▶ Exercise:
Everything from the opening line of the records below through the line with "當前位置: 首頁 > 關于優越" must be duplicated exactly, pictures left out.

___ Available data ___

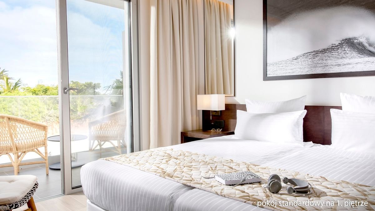 basen infinity, podgrzewany (w terminie: grudzień-luty), słodka woda, prostokątny kształt, ok. 335 m², gł. 1,3 m, basen relaksacyjny, podgrzewany (w terminie: grudzień-luty), słodka woda, prostokątny kształt, ok. 385 m², gł. 1,3 m, przy basenach bezpłatne leżaki i ręczniki; siłownia, sala fitness, joga, pilates, gimnastyka, aqua aerobik, siatkówka plażowa; animacje, muzyka na żywo, wieczory tematyczne, imprezy na plaży, przedstawienia; nowoczesne centrum spa: bezpłatnie: biosauna, sauna fińska, pokój relaksacyjny, za opłatą: masaże, zabiegi pielęgnacyjno-kosmetyczne; za opłatą: sporty wodne na plaży (kitesurfing, windsurfing, stand-up paddling), szkoła windsurfingu, szkoła żeglarska.
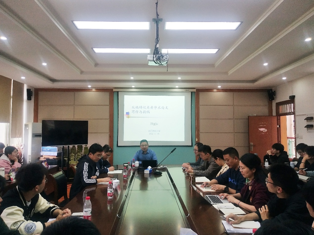 刘教授此次的报告从《中国人口·资源与环境》期刊简介、审稿经验、写作建议、投稿建议以及期刊英文版介绍五个方面展开。刘教授从发展历程、宗旨、特色、国家荣誉、学术影响、稿件处理流程等多个方面展开介绍了《中国人口·资源与环境》期刊。自2000年之后,随着研究不断深入和外审专家的引入,期刊的审稿流程更加规范化,期刊用稿更加倾向研究学术问题前沿、有重大现实需求、论证逻辑严密、方法科学合理、建议具有可操作性、论证充分、工作量饱满的论文。刘教授还结合自身审稿经验详细传授了论文各部分的写作经验,并强调选题要有新意、撰写要遵循逻辑、要善于倾听别人的修改建议、修改要耐心细致、论文篇幅要与主题相适应、要循序渐进提高写作能力、研究领域要相对聚焦。此外,刘教授给在场师生提出了关于投稿的建议,包括论文署名要谨慎、遵循投稿梯度、抓住投稿机会、把握好出版周期、杜绝一稿多投、杜绝学术不端等。
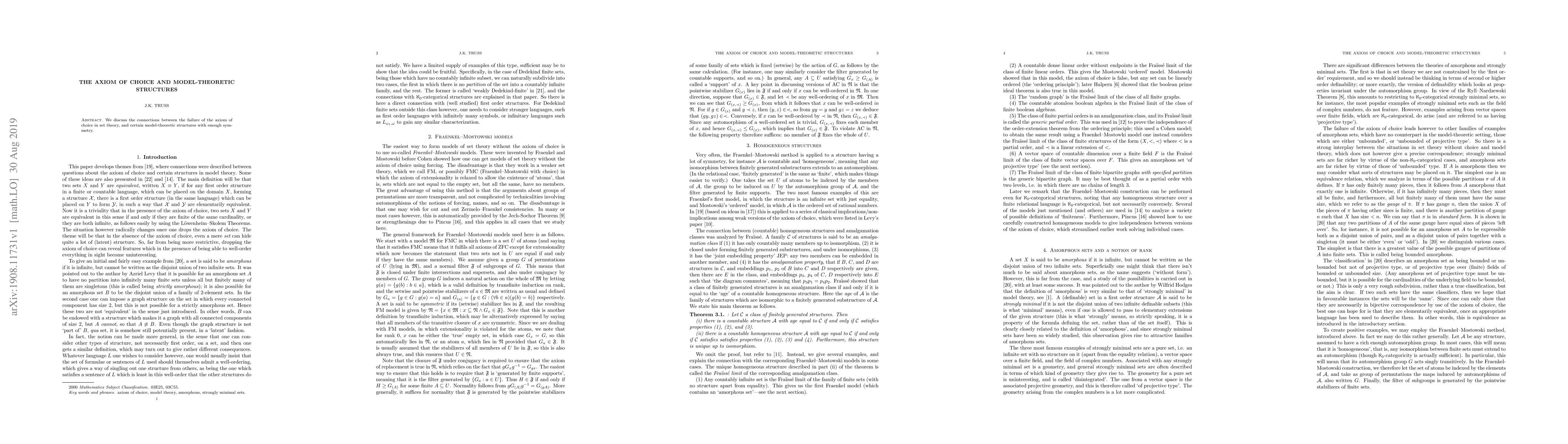 Summary: This paper explores the implications of the axiom of choice's failure in set theory on model-theoretic structures characterized by high symmetry, revealing intricate interdependencies between these mathematical domains.
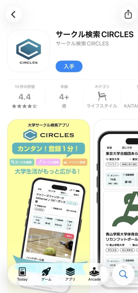 下記のURLから「CIRCLES」のアプリをインストールしてください。
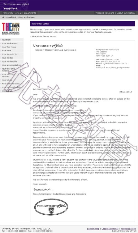 當前位置: 首頁 > 關于優越 > 錄取榜單 > 恭喜宋同學成功申請到約克大學研究生管理專業--優越教育
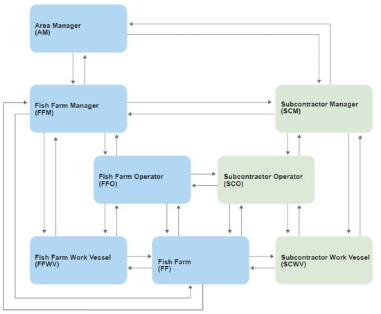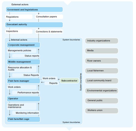 The system boundaries can be drawn around the fish farm organization and the subcontractor. The legislators and their executant authorities are also important parts of the sociotechnical system, together with the fish farming companies. They provide the regulations that the fish farmers have to follow and they perform inspections to ensure conformity. Examples of safety relevant regulations can be found in Holmen, Utne []. Nevertheless, the focus should be on the fish farm organization and the components of the system to be analyzed should be within the organization’s reach to alter. Stakeholder that could influence aspects of the operations of fish farms are noted, such as the local community authorities, the local wild fish river owners, the media, the public, and environmental organizations. These should be kept track of as they potentially may influence parts of the fish farm operations. For example, the large concern with prevention of fish escape may shift the focus of the human operator away from his or her personal safety. Environmental organizations have performed stunts on fish farms, for example, using underwater cameras to monitor environmental impact under the fish farms, which could disturb normal operations due to, e.g., trespassing.
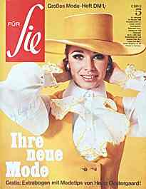 | |  | |  | moderne Frau - Themen z.B.: "Mode '68 - Von Dandy- bis Marokko-Look", "Die neuen Modefarben", "Interview mit einem Teufelskerl: Anthony Quinn", "Problem: Zehn Prozent für die Armen" | | moderne Frau - Themen z.B.: "Altersvorsorge: Sicherheit kann man kaufen", "Film: Die goldene Pille", "Raum ist auch in kleinen Räumen", "Eva 68: Natascha träumt vom Glück"" | | moderne Frau - Titelbild: Eva Renzi - Themen z.B.: "Schön von Kopf bis Fuß", "Lore Lorentz: Was trägt man zur Debatte", "Problem: In Zukunft nur noch gute Schüler?". "Eva 68 in den USA"
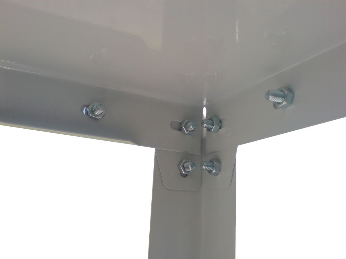 Standardowo półka o nośności 100kg wykonana z blachy o grubości 0,8mm, nogi o profilu 35x35mm o grubości 1,5mm.
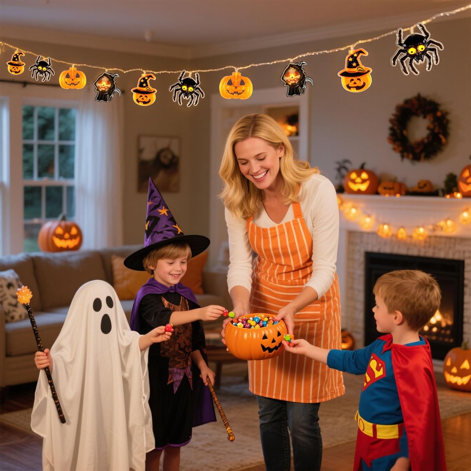 - 🍂 【Versátil para decoraciones de Halloween y otoño】 ¡Perfecto para crear un ambiente espeluznante de Halloween o un ambiente otoñal acogedor! Estas cadenas de luces de Halloween que funcionan con baterías son tu decoración preferida para varias estaciones. Colóquelos sobre su manto para el Día de Acción de Gracias, envuélvalos alrededor de una corona de cosecha de otoño o forre su porche durante toda la temporada de otoño. El cálido resplandor naranja de estas luces de cuerda de otoño añade un toque festivo a cualquier espacio.
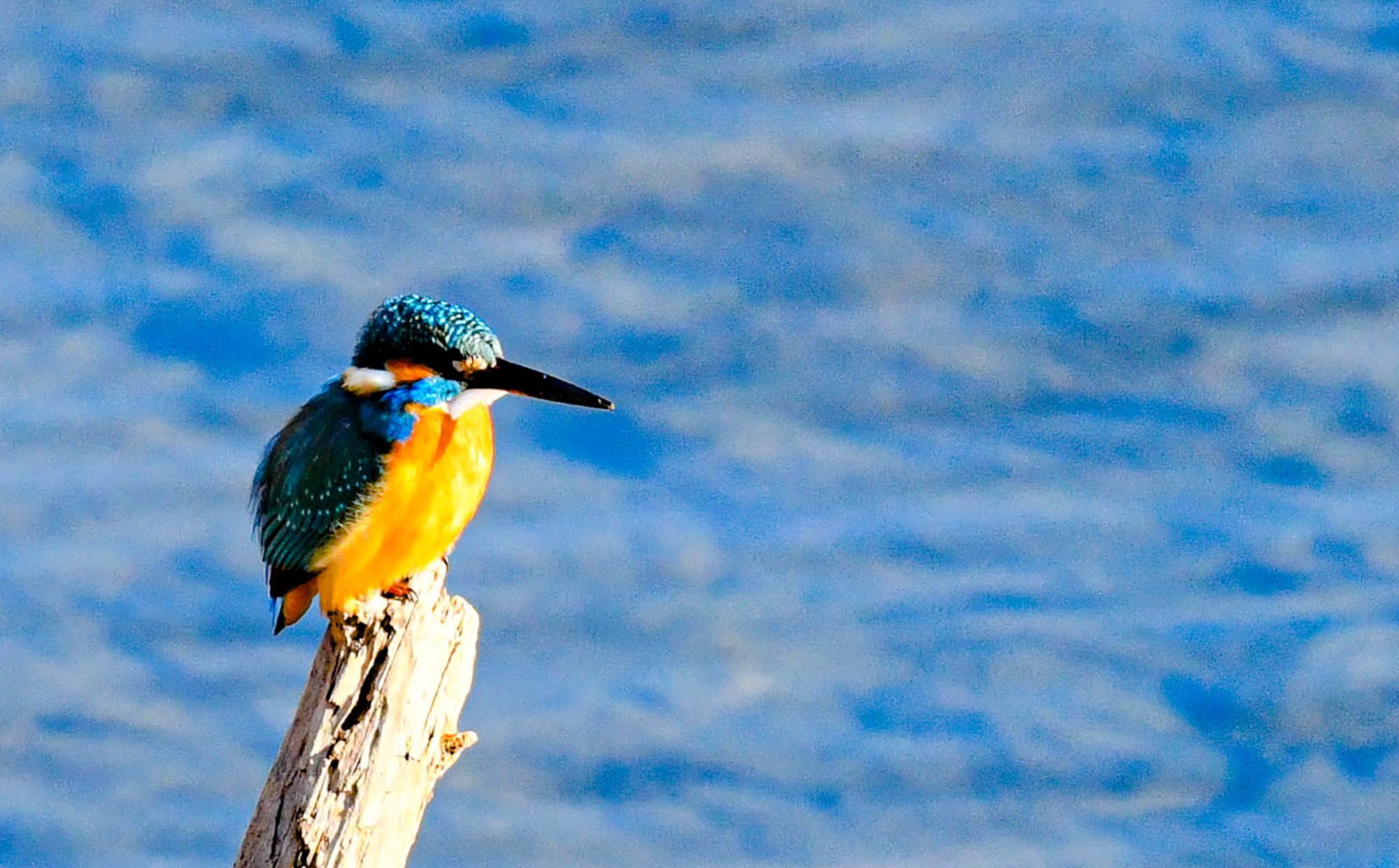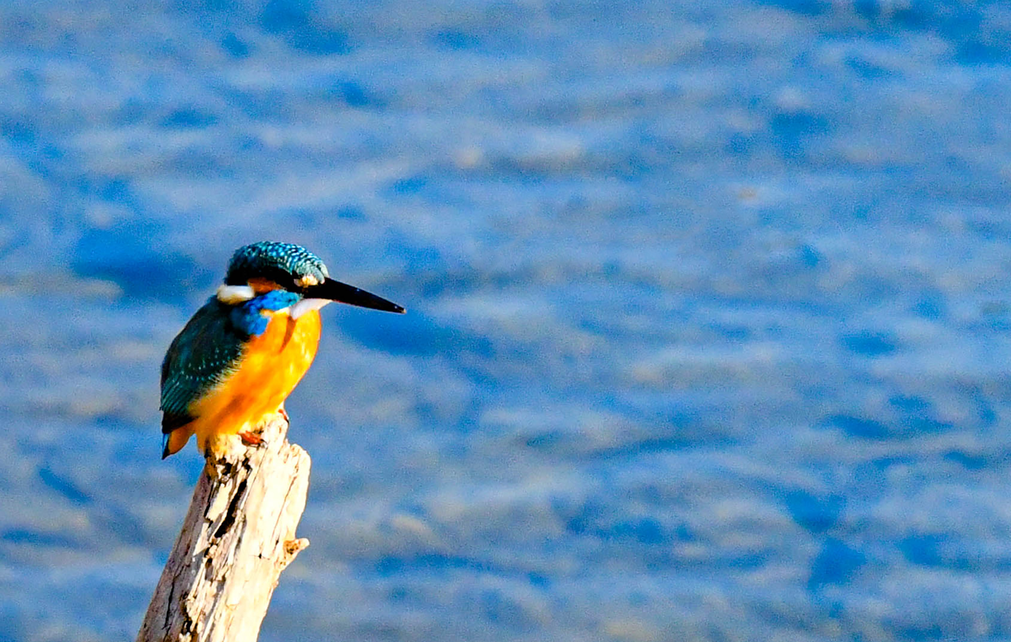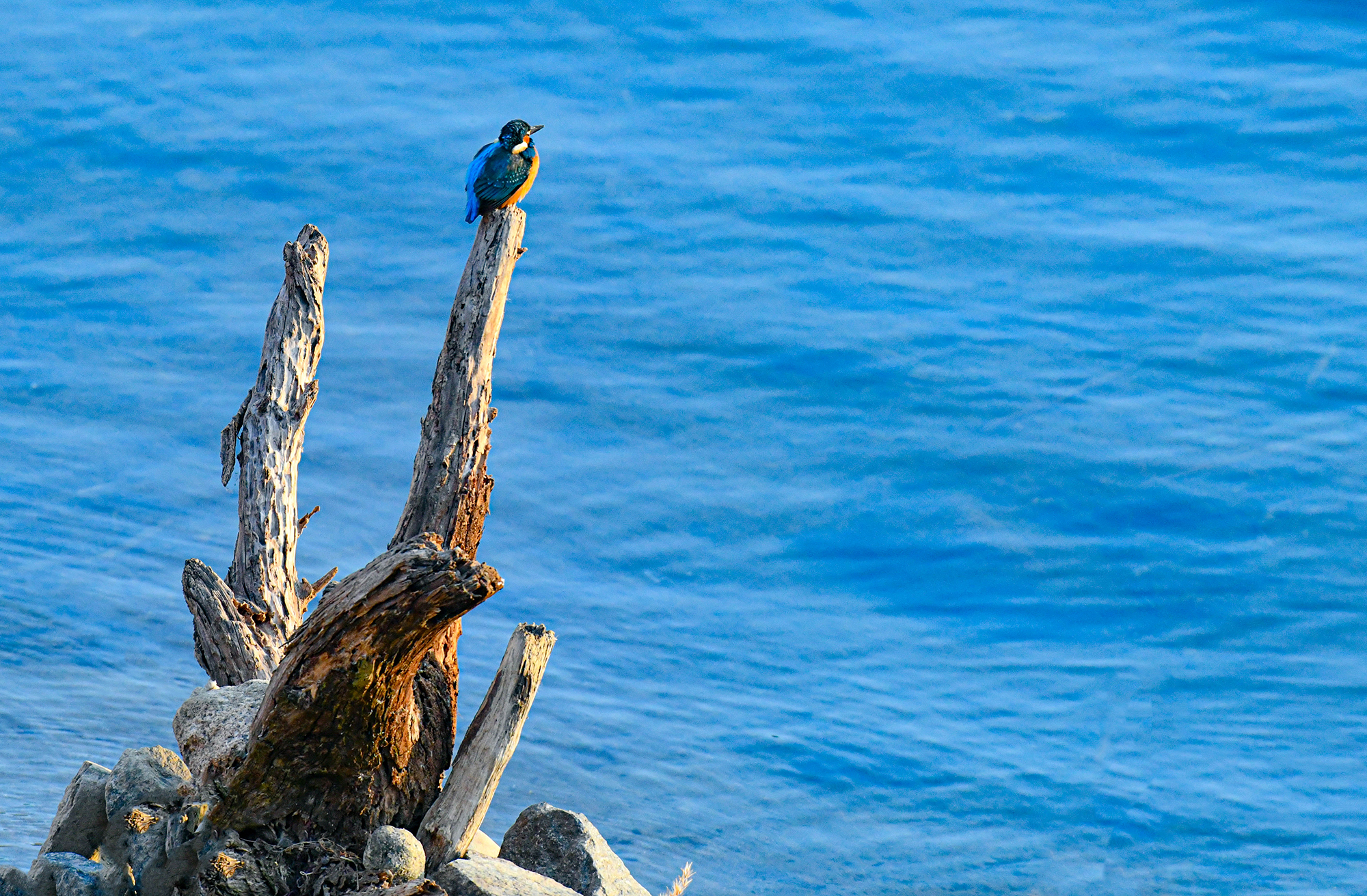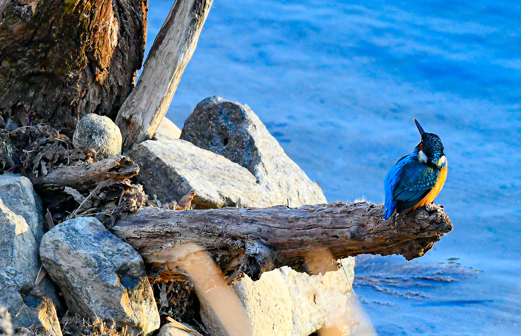 팔당에서 고니가 날기를 기다리던 중 우연히 물총새를 만났다,

___

▶ Exercise answer:
 basen infinity, podgrzewany (w terminie: grudzień-luty), słodka woda, prostokątny kształt, ok. 335 m², gł. 1,3 m, basen relaksacyjny, podgrzewany (w terminie: grudzień-luty), słodka woda, prostokątny kształt, ok. 385 m², gł. 1,3 m, przy basenach bezpłatne leżaki i ręczniki; siłownia, sala fitness, joga, pilates, gimnastyka, aqua aerobik, siatkówka plażowa; animacje, muzyka na żywo, wieczory tematyczne, imprezy na plaży, przedstawienia; nowoczesne centrum spa: bezpłatnie: biosauna, sauna fińska, pokój relaksacyjny, za opłatą: masaże, zabiegi pielęgnacyjno-kosmetyczne; za opłatą: sporty wodne na plaży (kitesurfing, windsurfing, stand-up paddling), szkoła windsurfingu, szkoła żeglarska.
 刘教授此次的报告从《中国人口·资源与环境》期刊简介、审稿经验、写作建议、投稿建议以及期刊英文版介绍五个方面展开。刘教授从发展历程、宗旨、特色、国家荣誉、学术影响、稿件处理流程等多个方面展开介绍了《中国人口·资源与环境》期刊。自2000年之后,随着研究不断深入和外审专家的引入,期刊的审稿流程更加规范化,期刊用稿更加倾向研究学术问题前沿、有重大现实需求、论证逻辑严密、方法科学合理、建议具有可操作性、论证充分、工作量饱满的论文。刘教授还结合自身审稿经验详细传授了论文各部分的写作经验,并强调选题要有新意、撰写要遵循逻辑、要善于倾听别人的修改建议、修改要耐心细致、论文篇幅要与主题相适应、要循序渐进提高写作能力、研究领域要相对聚焦。此外,刘教授给在场师生提出了关于投稿的建议,包括论文署名要谨慎、遵循投稿梯度、抓住投稿机会、把握好出版周期、杜绝一稿多投、杜绝学术不端等。
 Summary: This paper explores the implications of the axiom of choice's failure in set theory on model-theoretic structures characterized by high symmetry, revealing intricate interdependencies between these mathematical domains.
 下記のURLから「CIRCLES」のアプリをインストールしてください。
 當前位置: 首頁 > 關于優越 > 錄取榜單 > 恭喜宋同學成功申請到約克大學研究生管理專業--優越教育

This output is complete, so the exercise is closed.